Riverside Press-Enterprise: Beware the push for online gambling
December 31, 2011 Riverside Press-Enterprise
Californians should view the upcoming debate over online gambling with no misconceptions: The issue is about private profits, not public policy. Nor is the matter clear cut, as legislators need to settle a series of thorny questions before the state makes any decision. And no one should think that Internet gambling will rescue state finances.
A late push this year to legalize online gambling within California stalled, but the issue is already on the legislative radar for the next session. A coalition of casino tribes and card clubs wants the state to make online poker legal. Sen. Harry Reid, D.-Nev., would legalize online gambling nationally.
But Californians should be under no illusion that the push for online betting serves some public interest. The driving force is the desire by various private players to grab a share of what they see as a potentially lucrative market. California gambling interests want the state to act before the federal government does. California tribes fear a national bill would give Nevada's well-established gambling industry a competitive advantage that would threaten tribal casino profits. Some California tribes are leading the charge to move gambling to the Internet, while other tribes oppose that step. And card clubs and horse racing tracks want a piece of any online business, as well.
Californians should also not overlook the many tough issues the Legislature needs to resolve before anyone can legally wager from a home computer. The state needs to clarify whether federal law even permits the state to take this step. A 2006 federal law banned gambling over the Internet, but may allow states to permit online gambling within their borders — or may not. Simply assuming the state would not violate federal law is risky, at best.

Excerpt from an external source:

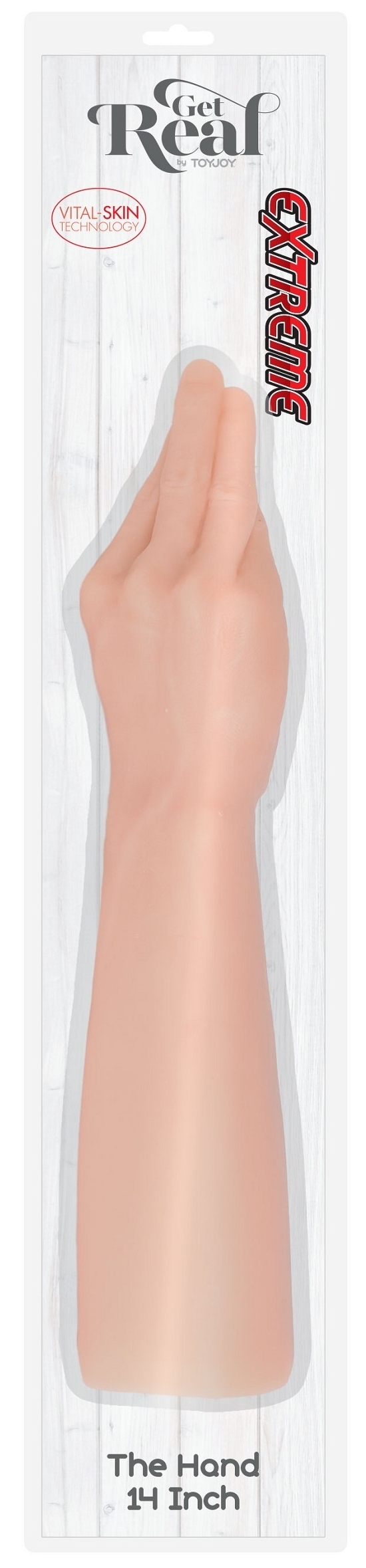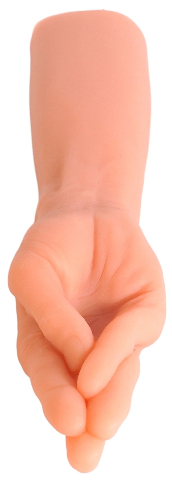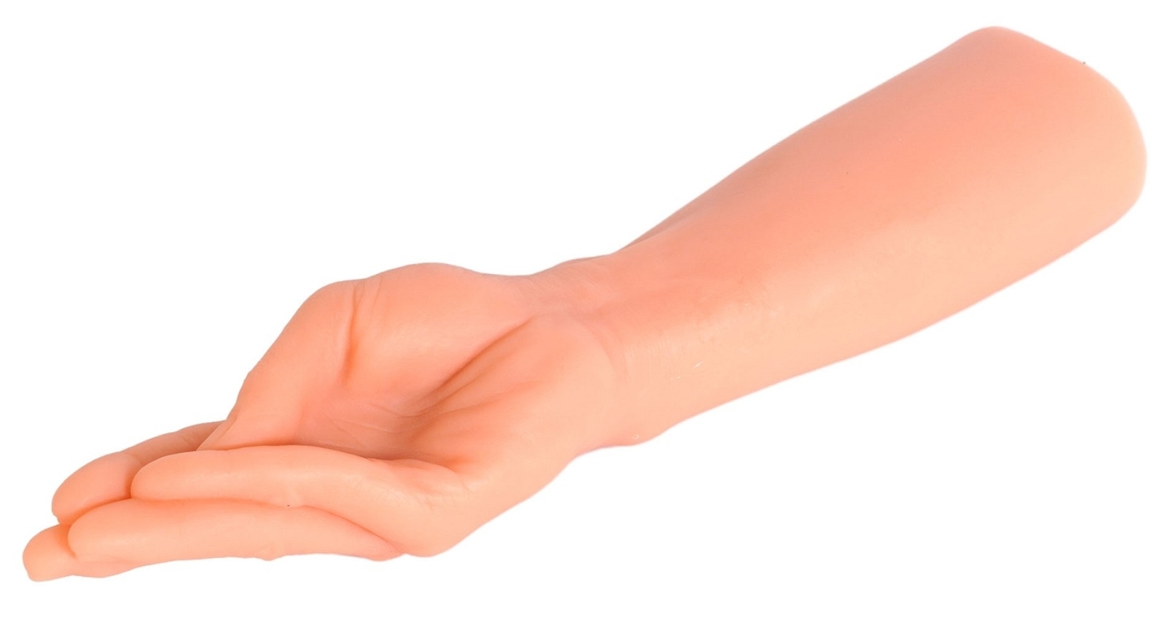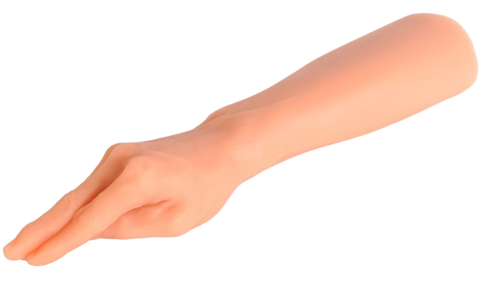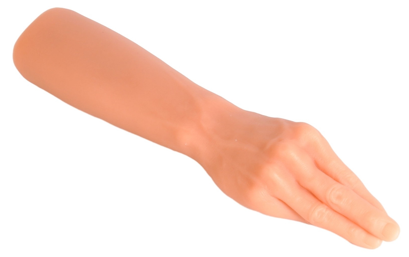 Gode avec une forme de main à l’extrémité.Longueur insérable de 31 cm.Largeur maximale de 7 cm sur la main et largeur de 5 cm au poignet. En PVC

Legislators would also need to determine whether approving online gambling would violate existing tribal compacts, as some tribes contend. Abrogating those compacts would cost the state revenue it now gets from tribal casinos — about $263 million to the state's general fund this fiscal year. Legislators would need to decide what games to allow on the Internet, as some factions want to authorize more than just poker. And then there is the question of who among the many different interests gets the rights to run online games and reap the profits.
Nor is gambling a fix for the state's economic woes. Politicians play up the possibility of new revenue when addressing online gambling, but the reality rarely matches the rhetoric. Lottery proponents sold the state lottery to voters in 1984 as a windfall for education, but the lottery provides only about 1.5 cents of every education dollar. Gov. Arnold Schwarzenegger in 2007 said new tribal gambling compacts he negotiated would bring in an extra $500 million a year to state coffers — but the actual income never reached that level. Any potential revenue is a side benefit, not a justification for authorizing online gambling.
Internet gambling is likely inevitable at some point. But legislators should ensure that the state's approach carefully considers all the consequences, and is not merely a rush to help wealthy special interests reap larger profits.